Golfers who head to town with clubs and irons in tow will be pleasantly surprised. Four new golf courses within a half hour drive of the beach are opening this spring, including Ocean City's 7,002-yard municipal golf course, Eagle's Landing, which boasts an environmentally unmatched setting on the wetlands of Sinepuxent Bay.

"I think golf is going to be the No. 1 hit here this year and for a long time to come," says Tom Perlozzo, director of Ocean City's Parks and Recreation department.

Though Ocean City is becoming a big retirement destination, there's no shortage of the young faces that populate the town in summer. They're back this year for summer jobs, summer romances and summer sun.

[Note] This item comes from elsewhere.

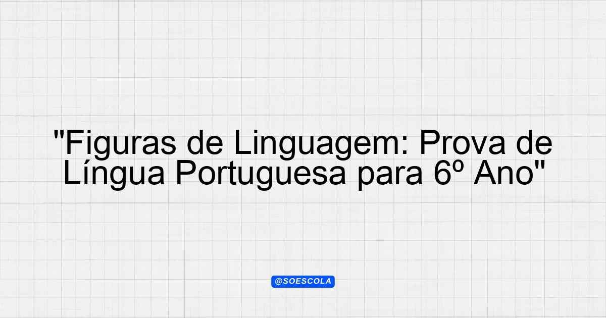 Continue lendoTema: Figuras de linguagemEtapa/Série: 6º anoDisciplina: Língua PortuguesaQuestões: 20 Prova de Língua Portuguesa: Figuras de Linguagem Nome do Aluno: _________________________

"I love the beach," says Susan Leskinen, 21, a Frostburg State College student who is spending her first summer working at O.C. She and fellow Frostburg student Gini Figueroa, 19, sat on a boardwalk bench soaking up a few early morning rays before heading to their new jobs. "It's fun to live on your own, have a job and be so close to the beach. I love to lay out in the sun."

Ms. Figueroa met her boyfriend, Bill Borrell, while working in Ocean City last summer. Though he lives in Lancaster, Pa., and she in Frostburg, their romance survived the off-season and is back for its second summer. In fact, Ms. Figueroa says meeting people is what brings her to the beach.

"I'm usually quite shy," she says. "But people are so friendly in Ocean City."

Which is good -- as long as they're quiet. The 15-member noise unit of the Ocean City Police Department would like visitors to keep it down, please. They'll be patrolling the island listening for violators of the city's noise ordinance, which has been revised slightly for 1991. During daylight hours, police must receive a complaint and issue a warning before noisemakers are prosecuted. But those loud enough to bother someone more than 50 feet away can be arrested from midnight to 7 a.m. without a warning or a complaint.

This attention to preserving the town's family atmosphere is what keeps people like Anthony and Mary Calcagni of Allentown, Pa., coming back. The Calcagnis brought their children to Ocean City for vacation last summer because they'd heard that the beach was clean. They liked it well enough to return this year.

Strolling the boardwalk, their 3-year-old daughter, Melissa, hit upon an Ocean City vacation pleasure not listed in any Chamber of Commerce brochure.

"I get to play with my dad," she says, happily clutching his hand.